Planning Ahead: Stream-Driven Linked-Data Access Under Update-Budget Constraints

2016 
Data stream applications are becoming increasingly popular on the web. In these applications, one query pattern is especially prominent: a join between a continuous data stream and some background data (BGD). Oftentimes, the target BGD is large, maintained externally, changing slowly, and costly to query (both in terms of time and money). Hence, practical applications usually maintain a local (cached) view of the relevant BGD. Given that these caches are not updated as the original BGD, they should be refreshed under realistic budget constraints (in terms of latency, computation time, and possibly financial cost) to avoid stale data leading to wrong answers. This paper proposes to model the join between streams and the BGD as a bipartite graph. By exploiting the graph structure, we keep the quality of results good enough without refreshing the entire cache for each evaluation.
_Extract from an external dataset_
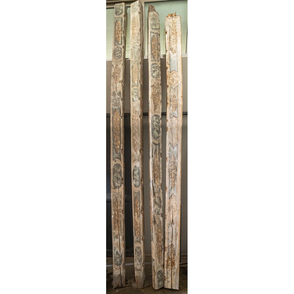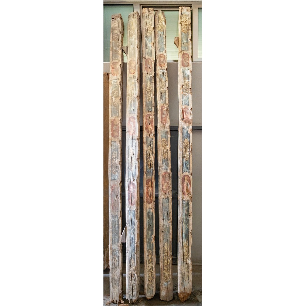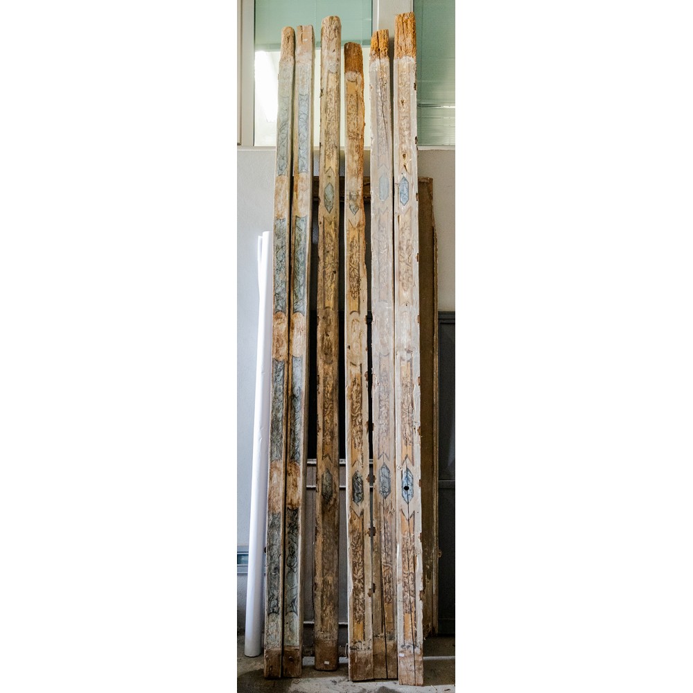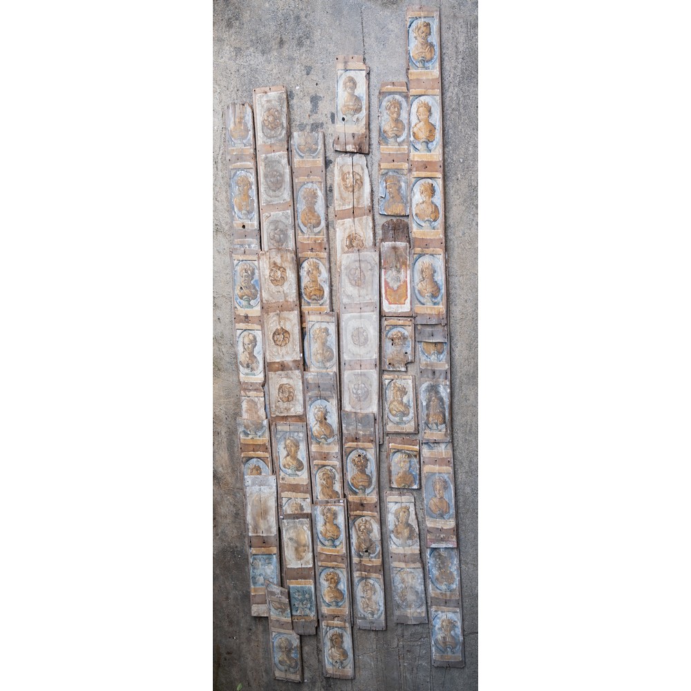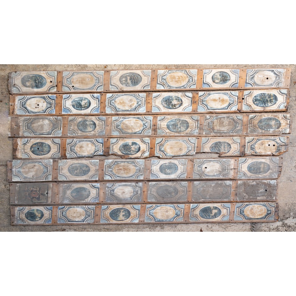 114 tavole da soffitto dipinte a motivo floreale e fogliaceo e 21 travi in legno decorato e dipinto.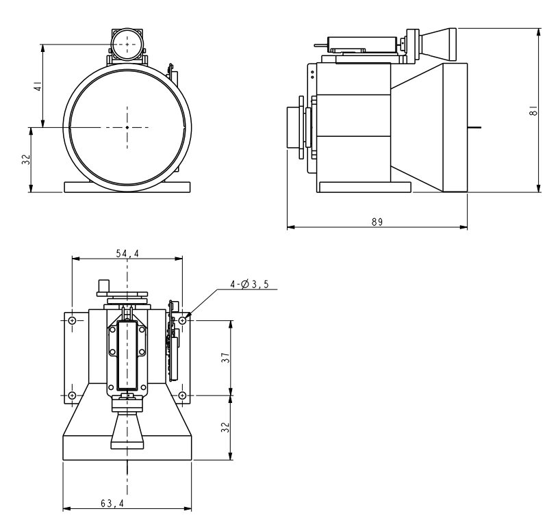 ऑप्टिकल अक्ष स्थापना संदर्भ के समानांतर है |

We also introduce two extensions to this method: first, we consider a continuous join between recent portions of a data stream and some BGD to focus on updates that have the longest effect. Second, we consider the future impact of a query to the BGD by proposing to delay some updates to provide fresher answers in future. By extending an existing stream processor with the proposed policies, we empirically show that we can improve result freshness by 93 % over baseline algorithms such as Random Selection or Least Recently Updated.